Task to complete -> The exact lines from the start of the material below through the line holding "Stateroom Cabin Features: - Separate" are the answer; return those, pictures excluded.

Data below ->

○ ○ ○ ○ ○ ○ ○

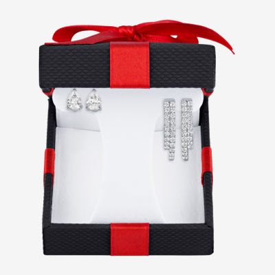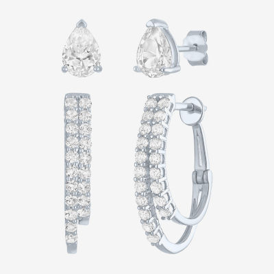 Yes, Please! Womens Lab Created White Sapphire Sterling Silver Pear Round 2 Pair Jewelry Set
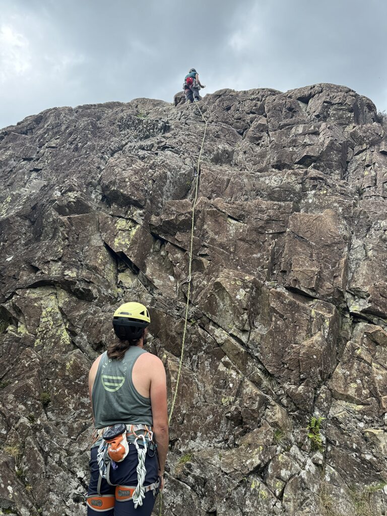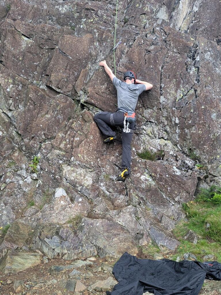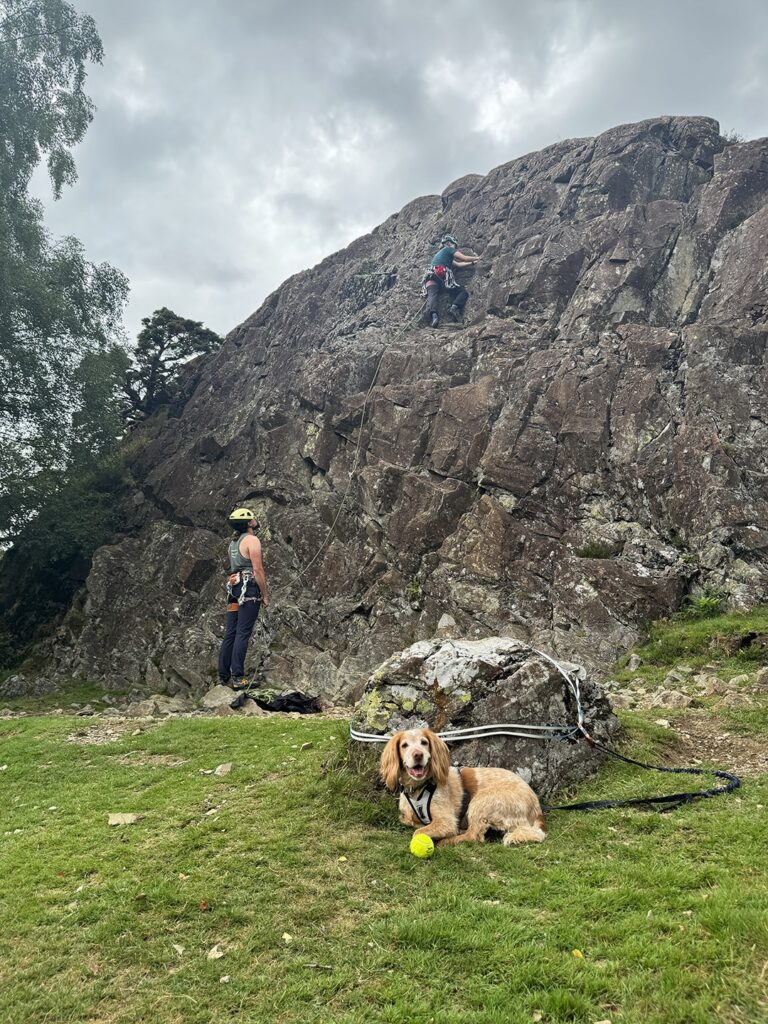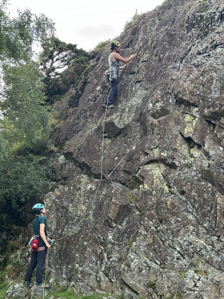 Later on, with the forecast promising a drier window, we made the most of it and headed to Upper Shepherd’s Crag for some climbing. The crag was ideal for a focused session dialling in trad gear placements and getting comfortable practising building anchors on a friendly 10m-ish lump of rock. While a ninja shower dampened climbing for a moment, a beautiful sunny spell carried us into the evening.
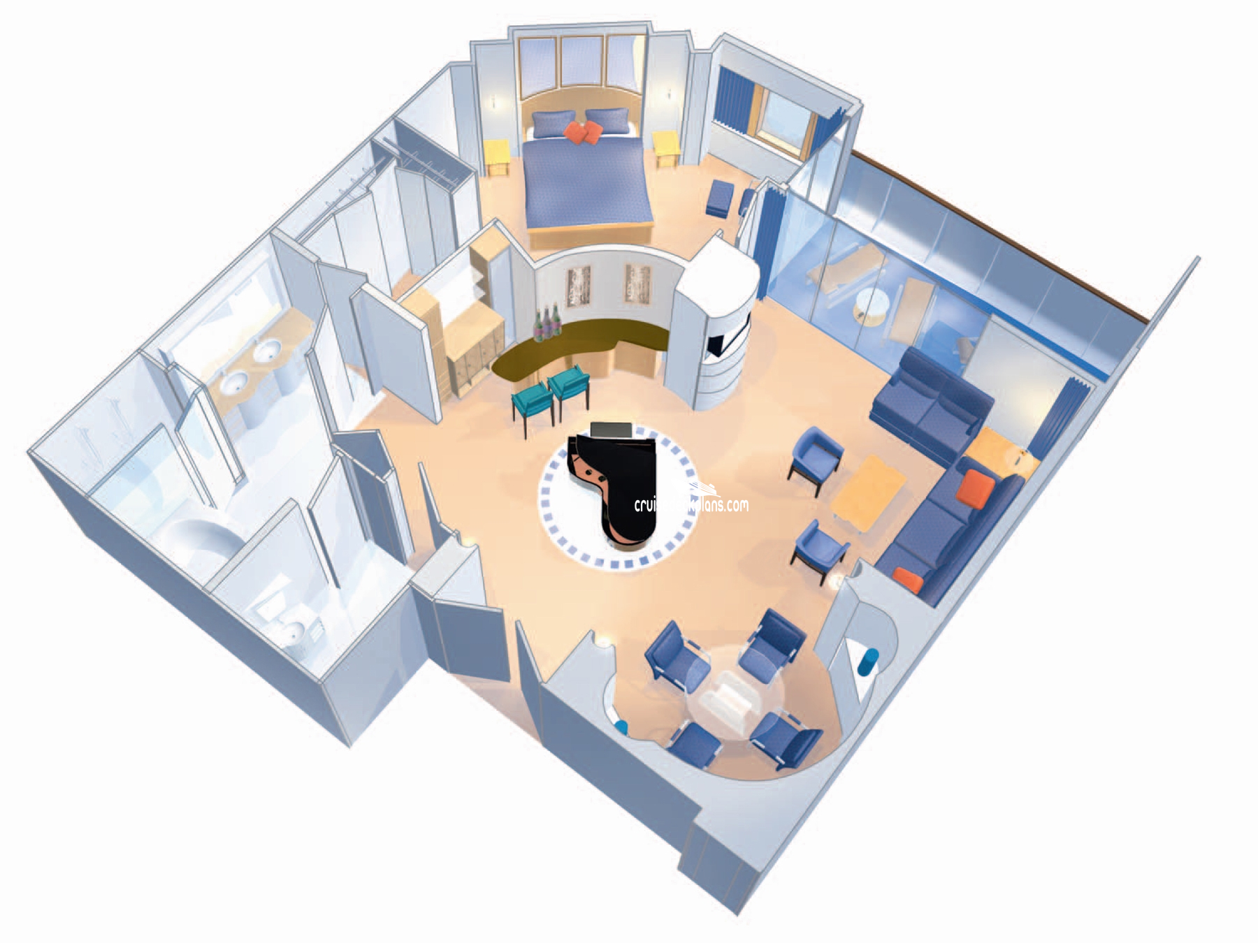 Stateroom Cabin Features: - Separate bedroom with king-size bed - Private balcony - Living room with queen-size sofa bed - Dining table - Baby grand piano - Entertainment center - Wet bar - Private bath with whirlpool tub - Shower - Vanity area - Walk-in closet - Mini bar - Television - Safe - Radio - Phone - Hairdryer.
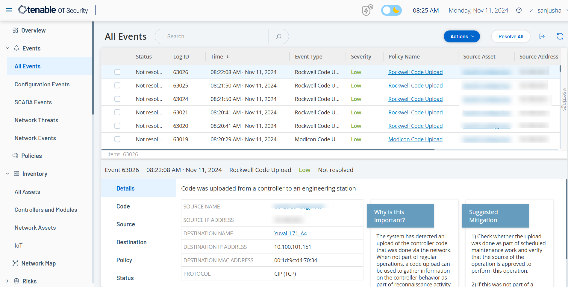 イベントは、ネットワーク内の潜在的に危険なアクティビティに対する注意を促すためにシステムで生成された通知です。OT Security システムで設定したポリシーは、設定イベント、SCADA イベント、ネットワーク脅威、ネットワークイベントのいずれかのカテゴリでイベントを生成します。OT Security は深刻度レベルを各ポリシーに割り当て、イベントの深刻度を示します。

○ ○ ○ ○ ○ ○ ○

Output ->
 Yes, Please! Womens Lab Created White Sapphire Sterling Silver Pear Round 2 Pair Jewelry Set
 Later on, with the forecast promising a drier window, we made the most of it and headed to Upper Shepherd’s Crag for some climbing. The crag was ideal for a focused session dialling in trad gear placements and getting comfortable practising building anchors on a friendly 10m-ish lump of rock. While a ninja shower dampened climbing for a moment, a beautiful sunny spell carried us into the evening.
 Stateroom Cabin Features: - Separate bedroom with king-size bed - Private balcony - Living room with queen-size sofa bed - Dining table - Baby grand piano - Entertainment center - Wet bar - Private bath with whirlpool tub - Shower - Vanity area - Walk-in closet - Mini bar - Television - Safe - Radio - Phone - Hairdryer.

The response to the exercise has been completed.